* _Task item_
Omit all images, then repeat exactly the lines below from the one containing "寝不足やストレスも、皮下脂肪がつきやすくなる原因。" through the one containing "Beautiful cotton 50x42", both ends included.

* _Provided records_
┄┄┄┄┄┄┄┄┄┄┄┄┄┄┄┄┄┄┄┄

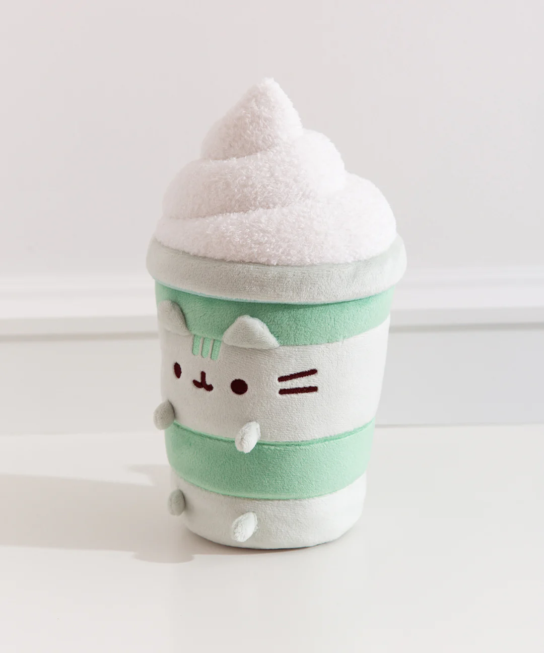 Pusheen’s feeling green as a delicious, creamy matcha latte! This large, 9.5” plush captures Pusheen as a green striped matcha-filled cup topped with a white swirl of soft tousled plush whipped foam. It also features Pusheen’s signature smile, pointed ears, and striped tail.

┄┄┄┄┄┄┄┄┄┄┄┄┄┄┄┄┄┄┄┄

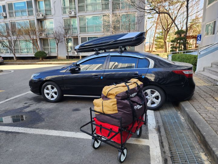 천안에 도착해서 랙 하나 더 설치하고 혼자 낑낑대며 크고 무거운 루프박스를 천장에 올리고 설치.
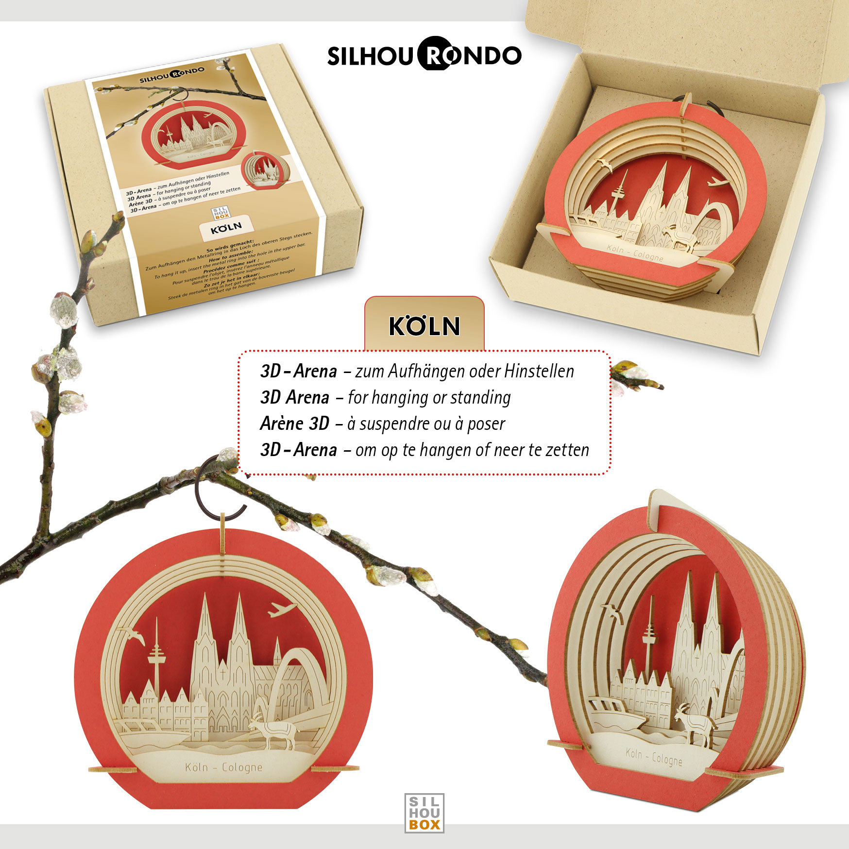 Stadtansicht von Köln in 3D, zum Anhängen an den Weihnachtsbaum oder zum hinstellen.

┄┄┄┄┄┄┄┄┄┄┄┄┄┄┄┄┄┄┄┄

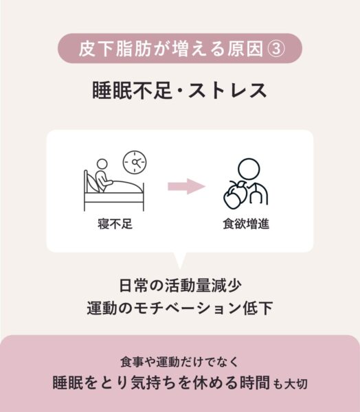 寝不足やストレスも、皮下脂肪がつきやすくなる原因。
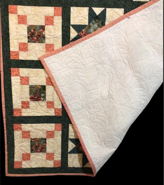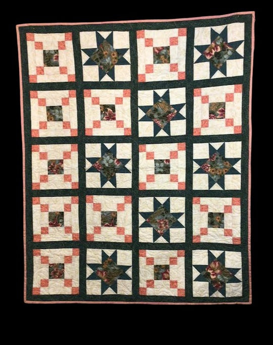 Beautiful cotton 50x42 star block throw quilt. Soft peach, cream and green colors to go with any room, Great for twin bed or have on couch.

┄┄┄┄┄┄┄┄┄┄┄┄┄┄┄┄┄┄┄┄

* _Exercise response_
 寝不足やストレスも、皮下脂肪がつきやすくなる原因。
 Beautiful cotton 50x42 star block throw quilt. Soft peach, cream and green colors to go with any room, Great for twin bed or have on couch.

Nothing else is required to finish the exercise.